Jean-Michel Blanquer, la laïcité et les enseignants : une nouvelle provocation.

- Mercredi 26 octobre 2021

Yannick Trigance
Conseiller régional Île-de-France
Secrétaire national à l’École, à l'Éducation et à l'Accès aux savoirs

 

Si le caractère autoritariste et injonctif de la gouvernance du ministre BLANQUER prêtait encore à quelques doutes, ils ont bel et bien été levés à l’occasion de la première journée de formation à la laïcité organisée par le ministre le 19 octobre dernier.

Au cours de cette journée, une conception de la laïcité particulièrement excluante, à l’opposé de la culture professionnelle des enseignants, a été présentée par le ministre BLANQUER sous forme d’une alternative très explicite : « adhérer aux valeurs de la République et les transmettre » ou bien alors « sortir de ce métier ».

Le ministre jette ainsi la suspicion sur les enseignants, contribuant une nouvelle fois à remettre en cause leur loyauté, leur légitimité et leur professionnalisme dans une période où, plus que jamais, ils ont besoin d’être soutenus, accompagnés et reconnus au plus haut niveau de leur hiérarchie mais également dans l’opinion publique.

Le ministre BLANQUER impose une conception de la laïcité du soupçon, à rebours de la conception traditionnelle de la laïcité qui s'est installée dans l’École – fondée sur le développement du sens critique, sur l’éducation à la liberté de conscience et à la liberté d’expression.

Il va de soi que cette conception de la laïcité vient percuter la culture professionnelle des enseignants qui, au quotidien, s’attachent à mettre en œuvre une pédagogie des valeurs de la République reposant en grande partie sur l’idée que ces valeurs sont d’autant plus partagées et respectées qu’elles sont d’abord et avant tout vécues et non assénées.

Et si une laïcité bien comprise est une laïcité bien transmise, on rappellera que le ministre BLANQUER a supprimé en 2018 la formation des enseignants sur la laïcité mise en place en 2015 par la ministre de l’Éducation nationale de l’époque Najat VALLAUD-BELKACEM.

Contrairement aux insinuations du ministre, les enseignants n’ont aucun problème avec les valeurs de la République qu’ils transmettent conformément aux programmes.

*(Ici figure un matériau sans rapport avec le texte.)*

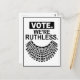 Faça uma declaração ousada com este cartão postal "Vote, Somos Ruthless!" com o colar dissidente RBG (Ruth Bader Ginsburg). Este cartão-postal, que é um poderoso lembrete da importância da votação e da defesa da justiça. Mostre seu apoio à defesa do voto e honre o legado da RBG enviando esse cartão postal a amigos, familiares e colegas ativistas. Com a sua design impressionante e a sua mensagem empoderadora, este cartão postal é perfeito para reunir eleitores e inspirar noivado político.

En revanche, en ce qui le concerne, Jean-Michel BLANQUER porte une conception pour le moins ambigüe, voire partiale, de la laïcité.

Financement d’établissements privés sur des fonds publics dédiés à l’éducation prioritaire – alors que les établissements privés ne sont pas soumis à l’obligation d’accueil –, prise en charge par les communes des frais de fonctionnement des écoles maternelles privées au même titre que celles du public avec la loi rendant obligatoire la scolarisation en maternelle, augmentation du budget 2022 de l’enseignement privé bien supérieure à celle de l’enseignement public, campagne de communication sur la laïcité au moyen d’affiches particulièrement stigmatisantes et contre-productives : autant d’actes politiques qui placent définitivement le ministre dans le camp d’une laïcité instrumentalisée, partisane et contraire à notre pacte républicain.

Afin de garantir la liberté et l’égalité, la laïcité implique deux moyens : la séparation et la neutralité. Le ministre BLANQUER s’est affranchi des deux.